A useful tool in identifying an outlier sequence run was the evaluation of the number of reads removed based on quality scores after demultiplexing. The QC-quality step was effective in identifying Lab5 as an outlier with the removal of almost 10× more sequences than all other runs. The final QC-length step was not an effective diagnostic as it removed less than 0.1% of the sequences and did not differ between laboratories. The small effect of this QC step is in part due to the order of the bioinformatics pipeline as most of the erroneous sequences were already removed with the preceding steps. While we cannot be sure if the lower number of sequence reads and higher sequence removal during quality filtering in Lab5 are due to operator handling or differences in DNA sequencing chemistry (i.e. sequence kit variability, poor flow cell health, etc.), our results suggest that on average, quality filtering should only remove between 2% and 5% of the sequences following demultiplexing. Higher removal rates may warrant more scrutiny in quality assessment. We urge caution that these percentages are based on removal at each step and the percentages will change based on the order of processing or selection of criteria. Although a number of quality-filtered reads influences the final number of reads per sample as discussed below, all sequences remaining after this initial bioinformatics screening are expected to be high quality and comparable.

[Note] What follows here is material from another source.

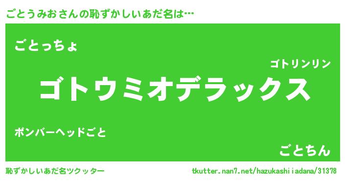 | 意味不明あだ名 | 『自称ごとうみお』『永久保存ごとうみお』 |

The simple mock community that was included as a positive control was not an effective diagnostic for a successful sequence run as all laboratories characterized the mock community at >0.85 BC similarity. In fact, the aberrant sequence run (Lab2.a) was more similar than others to the expected community. One reason the mock community failed to identify the aberrant run was incongruency in the community composition. Due to apparent taxa-specific errors introduced during PCR, the aberrant run showed significant differences in with the Actinomycetota and Bacteroidota phyla in which neither are present in the eight species ZymoBIOMICS mock community. Due to the apparent taxa-specific errors introduced in the PCR step, a mock community with similar taxonomic diversity likely would have indicated an error in the aberrant run. A potential approach toward a diagnostic would be a complex synthetic mock community that included key species from each of the most abundant phyla in the expected community. This task is daunting for commercialization and/or widespread distribution due to the impracticalities of identifying a priori the relevant taxa for diverse ecological samples and the cost associated with preparation, such as culturing, mixing, and standardization.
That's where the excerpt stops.